Saliva proteins could explain why some people overuse salt
Many Americans consume too much salt. Now in a study appearing in the Journal of Agricultural and Food Chemistry, scientists report that people who can easily taste salt have differing amounts of certain proteins in their saliva than those who are less sensitive. The finding could help explain why some of us have a hard time shaking the salt habit and could potentially lead to the development of more desirable low-sodium foods.
Consuming too much sodium increases the risk of heart disease and stroke, two of the leading causes of death in the U.S. Some lower sodium products are on the market, but many consumers avoid these foods because they think the foods won't be tasty enough or flavorful enough. To develop more palatable products, researchers are trying to gain a better understanding of how the body processes and perceives saltiness. Although saliva is thought to play a role, it's unclear exactly what components of the liquid could explain the differences in salt perception among people. In a small study, Thomas Hofmann and colleagues sought to fill that knowledge gap.
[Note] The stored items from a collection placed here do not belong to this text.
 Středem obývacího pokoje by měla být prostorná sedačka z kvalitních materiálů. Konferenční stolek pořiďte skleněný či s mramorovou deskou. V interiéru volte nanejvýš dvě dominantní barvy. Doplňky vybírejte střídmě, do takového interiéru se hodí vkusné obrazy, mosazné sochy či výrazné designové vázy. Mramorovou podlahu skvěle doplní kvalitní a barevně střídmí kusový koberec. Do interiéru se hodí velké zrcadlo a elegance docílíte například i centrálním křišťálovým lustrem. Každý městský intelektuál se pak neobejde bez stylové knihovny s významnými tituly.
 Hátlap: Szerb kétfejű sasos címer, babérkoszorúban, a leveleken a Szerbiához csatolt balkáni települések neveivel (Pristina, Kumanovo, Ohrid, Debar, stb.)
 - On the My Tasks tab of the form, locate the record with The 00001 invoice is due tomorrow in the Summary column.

The researchers classified volunteers into sensitive and non-sensitive groups according to how salty the participants thought various sodium chloride solutions were. Using liquid chromatography and mass spectrometry, the team identified several salivary proteins that differed between those who could readily detect salt and those who couldn't. Surprisingly, they found the largest differences in the resting saliva of the subjects compared to saliva produced after swishing around a salty solution. In their resting saliva, sensitive subjects had higher amounts of endopeptidases, enzymes that cut up proteins, than non-sensitive subjects. The researchers suggest that the enzymes could be modifying sodium channels, which would increase the amount of sodium that gets into cells. Alternatively, the enzymes could be cutting proteins in the saliva to produce salt-enhancing peptides in people who are sensitive.
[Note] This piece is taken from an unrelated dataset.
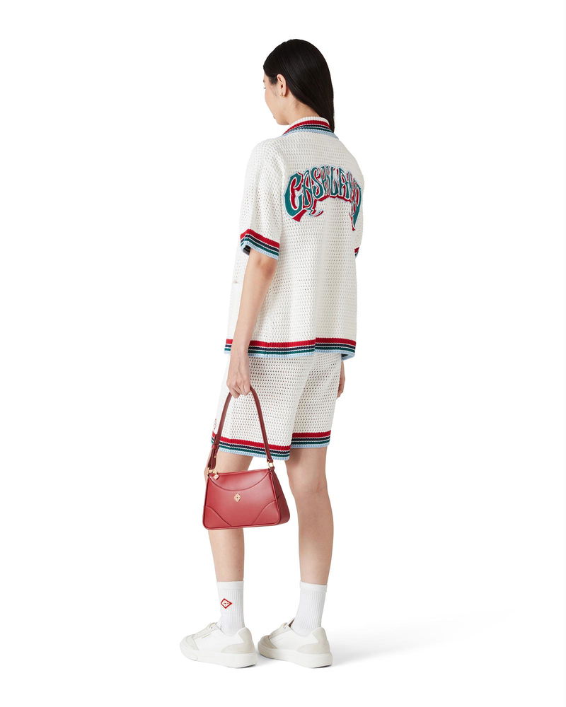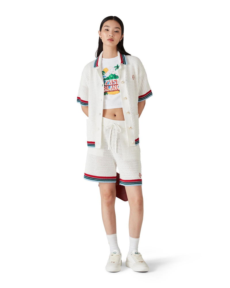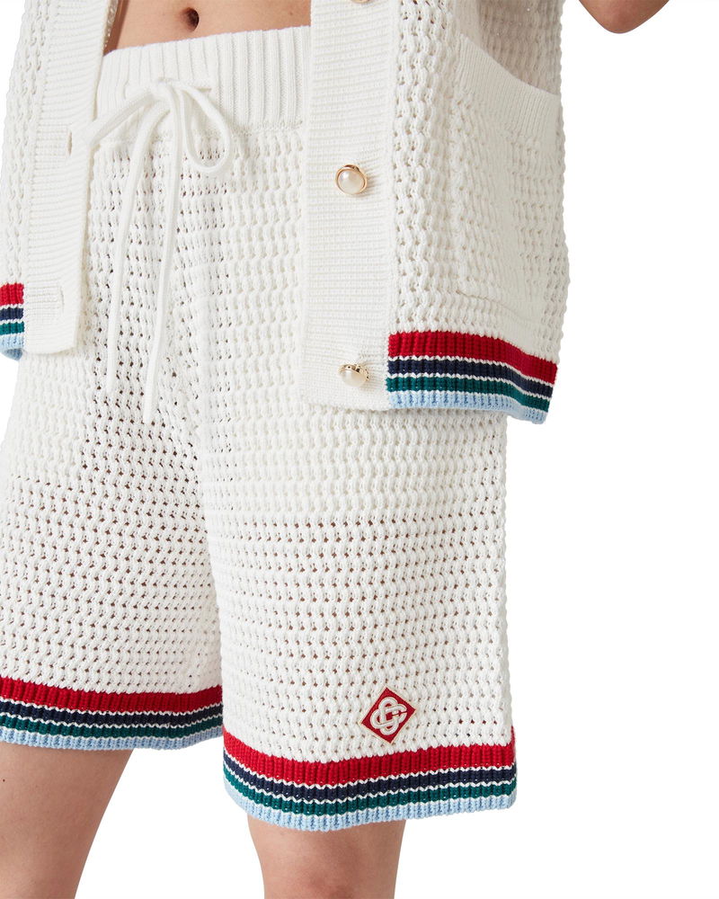 The gothic crochet shorts are a soft textured design crafted from knitted cotton fabric, featuring the house's signature diamond logo. Finished with a ribbed elasticated waistband with drawstring fastening, side pockets, and contrast stripe edge detail on the hem.
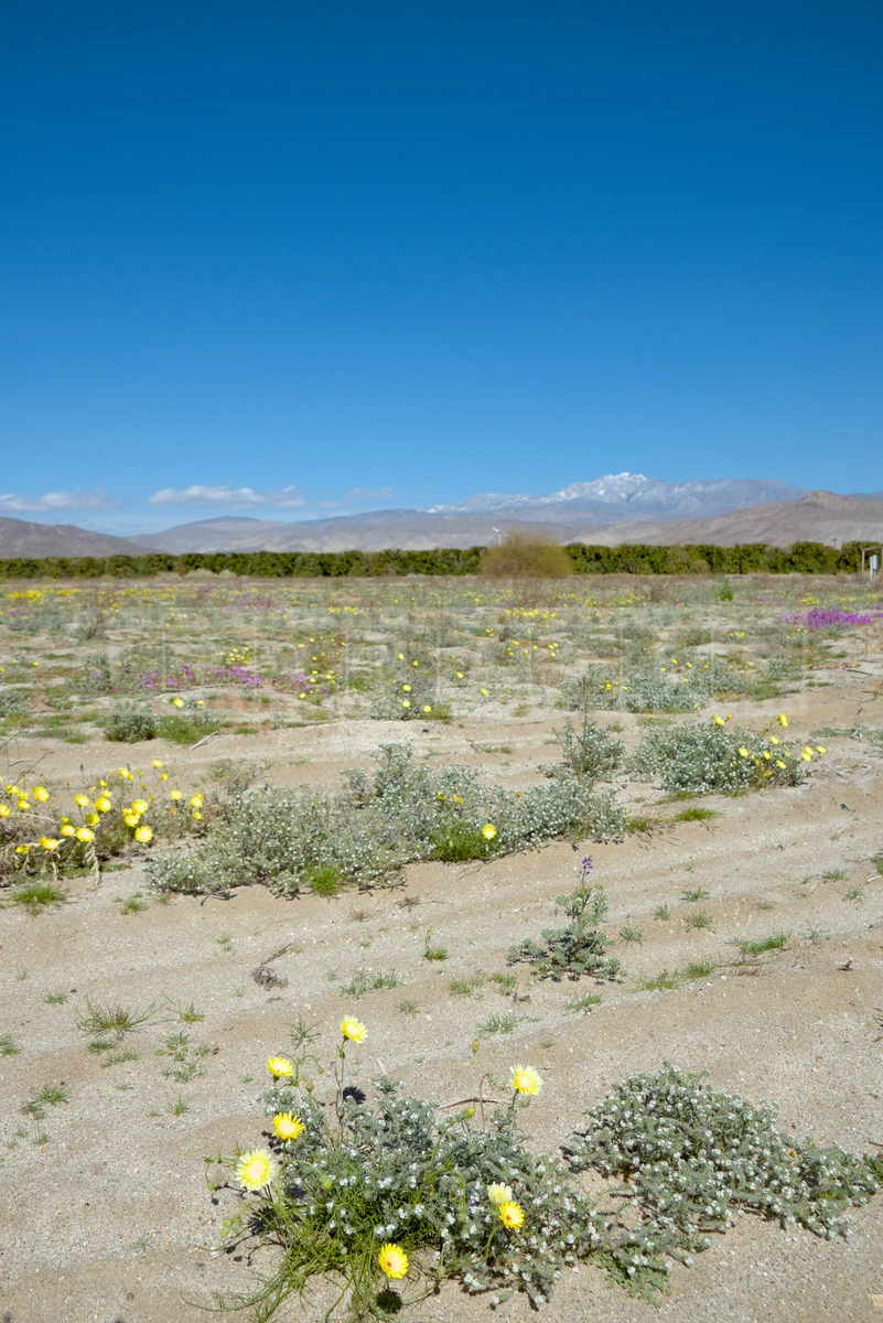 The peaks surrounding the valley are blanketed with snow during the winter. Snowmelt, rainfall and natural springs all feed Coyote Creek as it tumbles down to the desert floor. This water supports lush vegetation and allows flowers to bloom in the spring – from early March to April.

To investigate the role of perireceptor events in inter-individual variability in salt taste sensitivity, 31 volunteers were monitored in their detection functions for sodium chloride (NaCl) and classified into sensitive (0.6–1.7 mmol/L), medium-sensitive (1.8–6.9 mmol/L), and nonsensitive (7.0–11.2 mmol/L) subjects. Chemosensory intervention of NaCl-sensitive (S+) and nonsensitive (S–) panellists with potassium chloride, ammonium chloride, and sodium gluconate showed the salt taste sensitivity to be specific for NaCl. As no significant differences were found between S+ and S– subjects in salivary sodium and protein content, salivary proteome differences and their stimulus-induced dynamic changes were analyzed by tryptic digestion, iTRAQ labeling, and liquid chromatography–tandem mass spectrometry analysis. Differences in the salivary proteome between S+ and S– subjects were found primarily in resting saliva and were largely independent of the dynamic alterations observed upon salt stimulation. Gene ontology enrichment analysis of key proteins, i.e., immunoglobulin heavy constant y1, myeloblastin, cathepsin G, and kallikrein, revealed significantly increased serine-type endopeptidase activity for the S+ group, while the S– group exhibited augmented cysteine-type endopeptidase inhibitor activity by increased abundances in lipocalin-1 and cystatin-D, -S, and -SN, respectively. As proteases have been suggested to facilitate transepithelial sodium transport by cleaving the y-subunit of the epithelial sodium channel (ENaC) and protease inhibitors have been shown to reduce ENaC-mediated sodium transport, the differentially modulated proteolytic activity patterns observed in vivo for S+ and S– subjects show evidence of them playing a crucial role in affecting human NaCl sensitivity.